Your copy of the data should match it exactly, except that the pictures are gone.

----------------

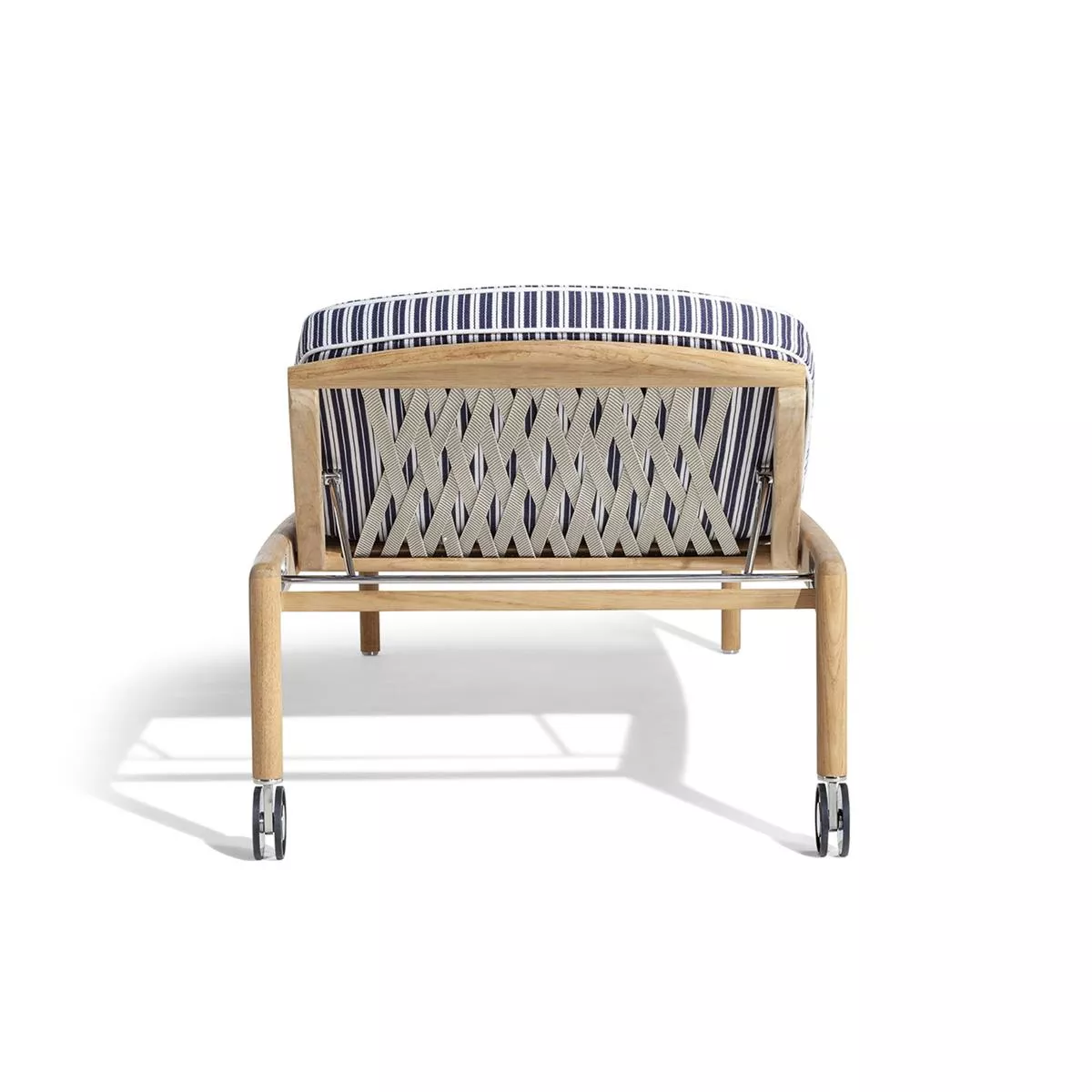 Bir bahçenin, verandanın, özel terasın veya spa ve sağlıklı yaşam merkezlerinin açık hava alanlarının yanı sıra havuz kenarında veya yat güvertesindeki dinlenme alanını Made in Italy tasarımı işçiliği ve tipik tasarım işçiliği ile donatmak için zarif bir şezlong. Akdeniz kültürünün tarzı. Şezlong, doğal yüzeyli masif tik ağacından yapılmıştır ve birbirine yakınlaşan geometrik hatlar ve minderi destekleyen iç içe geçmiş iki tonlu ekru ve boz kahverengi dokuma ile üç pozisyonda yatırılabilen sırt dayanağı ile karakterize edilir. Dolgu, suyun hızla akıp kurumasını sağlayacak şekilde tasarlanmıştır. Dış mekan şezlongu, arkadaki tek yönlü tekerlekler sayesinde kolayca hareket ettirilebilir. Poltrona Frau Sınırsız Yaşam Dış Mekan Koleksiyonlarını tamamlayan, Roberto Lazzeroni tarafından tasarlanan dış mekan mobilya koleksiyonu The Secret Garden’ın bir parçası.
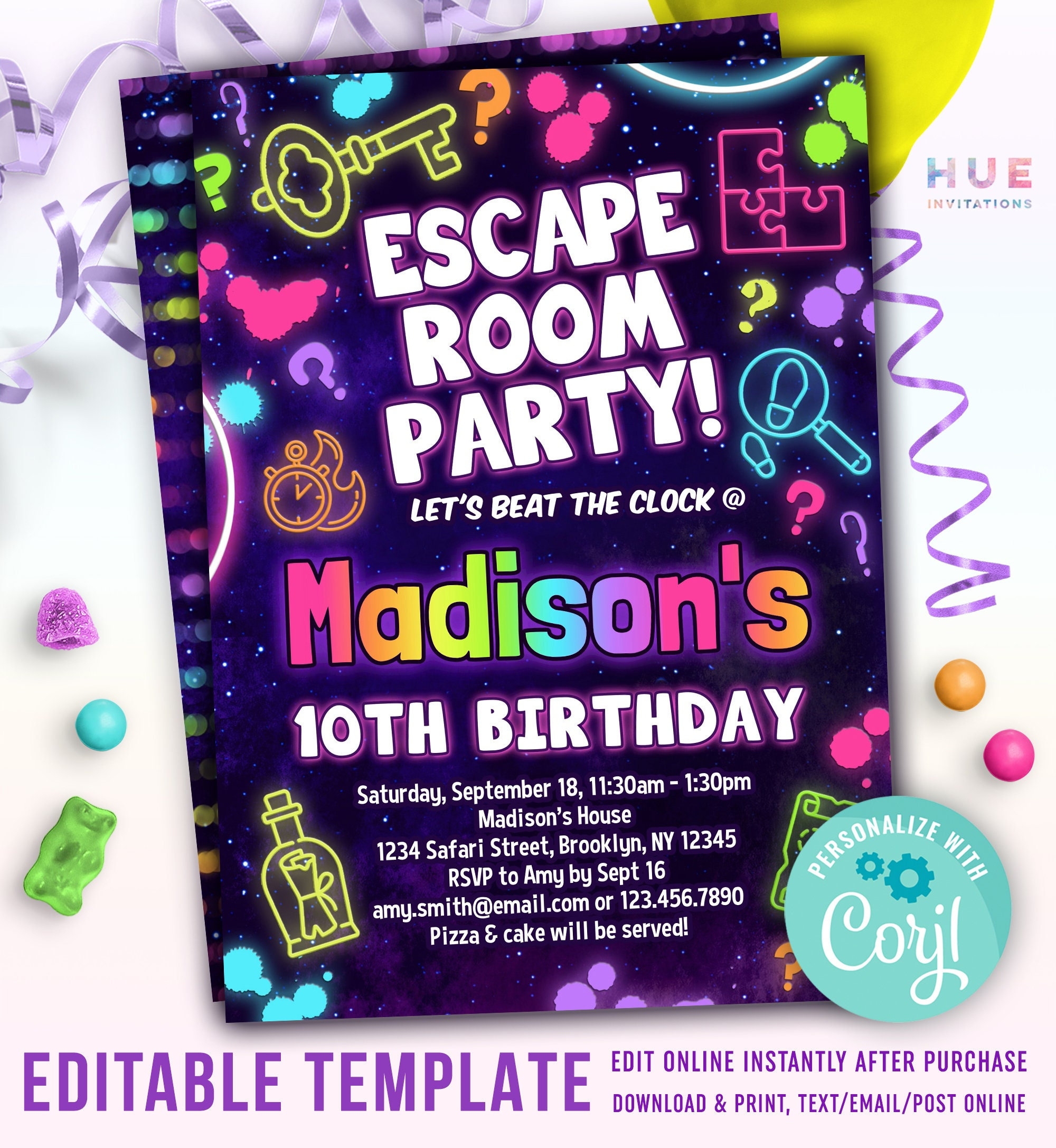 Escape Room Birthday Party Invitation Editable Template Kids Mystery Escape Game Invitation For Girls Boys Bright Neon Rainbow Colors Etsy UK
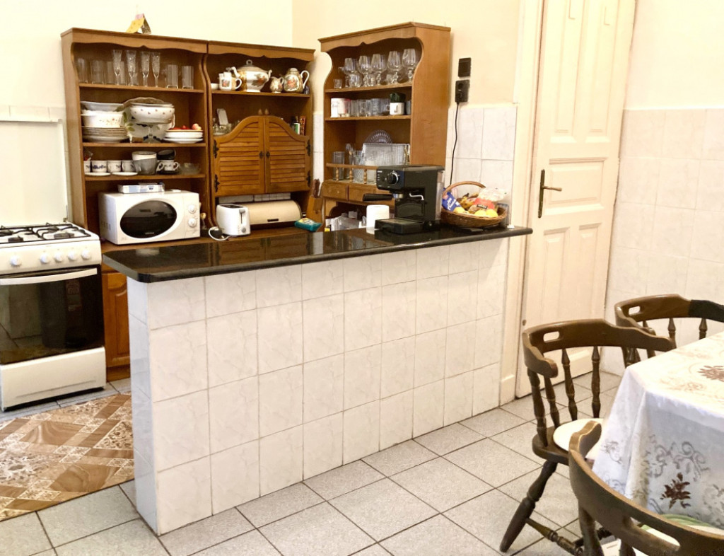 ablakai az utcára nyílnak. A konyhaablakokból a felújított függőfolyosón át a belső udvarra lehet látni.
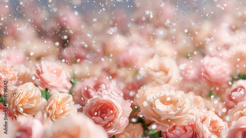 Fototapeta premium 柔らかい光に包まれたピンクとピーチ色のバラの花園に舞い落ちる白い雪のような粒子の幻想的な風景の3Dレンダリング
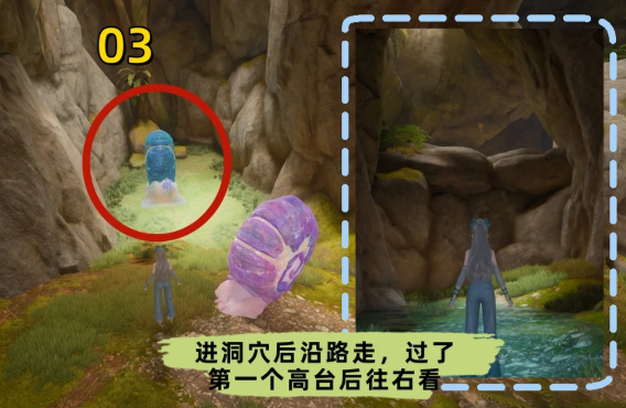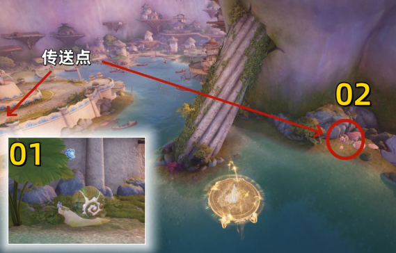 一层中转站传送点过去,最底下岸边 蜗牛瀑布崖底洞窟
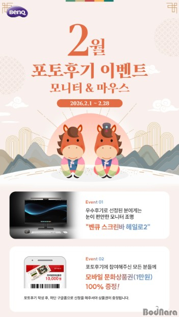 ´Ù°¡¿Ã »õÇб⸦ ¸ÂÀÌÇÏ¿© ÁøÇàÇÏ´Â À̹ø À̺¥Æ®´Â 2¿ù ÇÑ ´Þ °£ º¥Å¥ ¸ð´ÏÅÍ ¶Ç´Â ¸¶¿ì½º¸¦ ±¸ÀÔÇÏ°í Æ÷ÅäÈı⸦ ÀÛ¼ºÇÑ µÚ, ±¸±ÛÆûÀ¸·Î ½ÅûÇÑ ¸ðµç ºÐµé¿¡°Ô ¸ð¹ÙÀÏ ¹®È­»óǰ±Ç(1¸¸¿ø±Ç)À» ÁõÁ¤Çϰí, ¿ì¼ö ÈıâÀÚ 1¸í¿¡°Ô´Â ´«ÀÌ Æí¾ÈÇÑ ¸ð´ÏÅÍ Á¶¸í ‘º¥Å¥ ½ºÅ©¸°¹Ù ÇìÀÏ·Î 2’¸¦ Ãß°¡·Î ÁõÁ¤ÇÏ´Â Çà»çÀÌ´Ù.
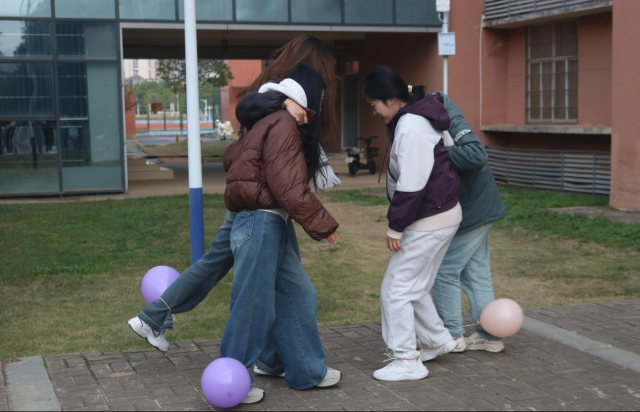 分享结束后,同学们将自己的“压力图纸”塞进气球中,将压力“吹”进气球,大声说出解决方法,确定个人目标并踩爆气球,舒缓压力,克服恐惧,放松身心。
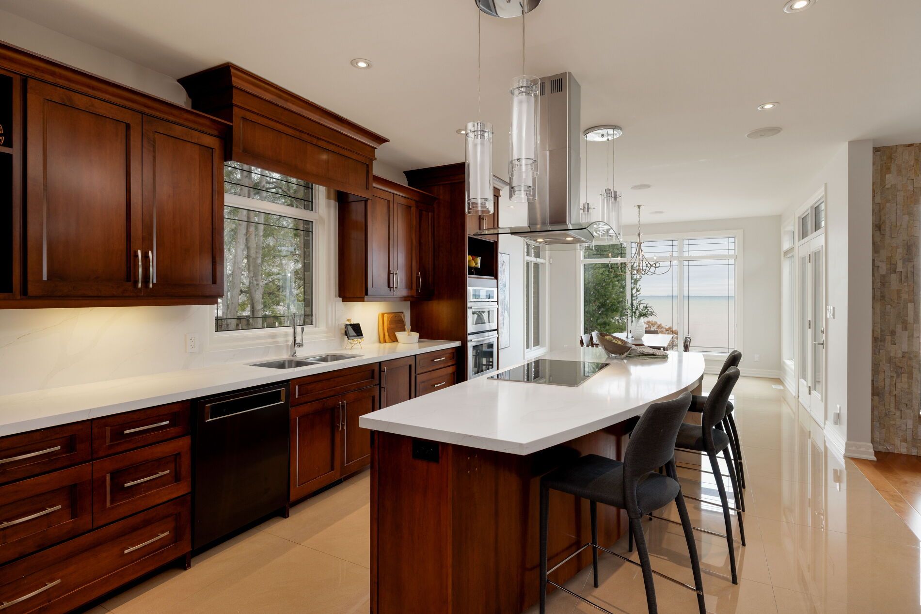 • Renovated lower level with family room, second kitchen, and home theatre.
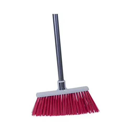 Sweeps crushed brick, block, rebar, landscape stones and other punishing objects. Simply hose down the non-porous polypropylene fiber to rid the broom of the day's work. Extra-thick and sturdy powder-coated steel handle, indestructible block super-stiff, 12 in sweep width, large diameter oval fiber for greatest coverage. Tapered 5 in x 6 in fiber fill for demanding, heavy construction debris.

----------------

_RESPONSE AREA_:
 Bir bahçenin, verandanın, özel terasın veya spa ve sağlıklı yaşam merkezlerinin açık hava alanlarının yanı sıra havuz kenarında veya yat güvertesindeki dinlenme alanını Made in Italy tasarımı işçiliği ve tipik tasarım işçiliği ile donatmak için zarif bir şezlong. Akdeniz kültürünün tarzı. Şezlong, doğal yüzeyli masif tik ağacından yapılmıştır ve birbirine yakınlaşan geometrik hatlar ve minderi destekleyen iç içe geçmiş iki tonlu ekru ve boz kahverengi dokuma ile üç pozisyonda yatırılabilen sırt dayanağı ile karakterize edilir. Dolgu, suyun hızla akıp kurumasını sağlayacak şekilde tasarlanmıştır. Dış mekan şezlongu, arkadaki tek yönlü tekerlekler sayesinde kolayca hareket ettirilebilir. Poltrona Frau Sınırsız Yaşam Dış Mekan Koleksiyonlarını tamamlayan, Roberto Lazzeroni tarafından tasarlanan dış mekan mobilya koleksiyonu The Secret Garden’ın bir parçası.
 Escape Room Birthday Party Invitation Editable Template Kids Mystery Escape Game Invitation For Girls Boys Bright Neon Rainbow Colors Etsy UK
 ablakai az utcára nyílnak. A konyhaablakokból a felújított függőfolyosón át a belső udvarra lehet látni.
 Fototapeta premium 柔らかい光に包まれたピンクとピーチ色のバラの花園に舞い落ちる白い雪のような粒子の幻想的な風景の3Dレンダリング
 一层中转站传送点过去,最底下岸边 蜗牛瀑布崖底洞窟
 ´Ù°¡¿Ã »õÇб⸦ ¸ÂÀÌÇÏ¿© ÁøÇàÇÏ´Â À̹ø À̺¥Æ®´Â 2¿ù ÇÑ ´Þ °£ º¥Å¥ ¸ð´ÏÅÍ ¶Ç´Â ¸¶¿ì½º¸¦ ±¸ÀÔÇÏ°í Æ÷ÅäÈı⸦ ÀÛ¼ºÇÑ µÚ, ±¸±ÛÆûÀ¸·Î ½ÅûÇÑ ¸ðµç ºÐµé¿¡°Ô ¸ð¹ÙÀÏ ¹®È­»óǰ±Ç(1¸¸¿ø±Ç)À» ÁõÁ¤Çϰí, ¿ì¼ö ÈıâÀÚ 1¸í¿¡°Ô´Â ´«ÀÌ Æí¾ÈÇÑ ¸ð´ÏÅÍ Á¶¸í ‘º¥Å¥ ½ºÅ©¸°¹Ù ÇìÀÏ·Î 2’¸¦ Ãß°¡·Î ÁõÁ¤ÇÏ´Â Çà»çÀÌ´Ù.
 分享结束后,同学们将自己的“压力图纸”塞进气球中,将压力“吹”进气球,大声说出解决方法,确定个人目标并踩爆气球,舒缓压力,克服恐惧,放松身心。
 • Renovated lower level with family room, second kitchen, and home theatre.
 Sweeps crushed brick, block, rebar, landscape stones and other punishing objects. Simply hose down the non-porous polypropylene fiber to rid the broom of the day's work. Extra-thick and sturdy powder-coated steel handle, indestructible block super-stiff, 12 in sweep width, large diameter oval fiber for greatest coverage. Tapered 5 in x 6 in fiber fill for demanding, heavy construction debris.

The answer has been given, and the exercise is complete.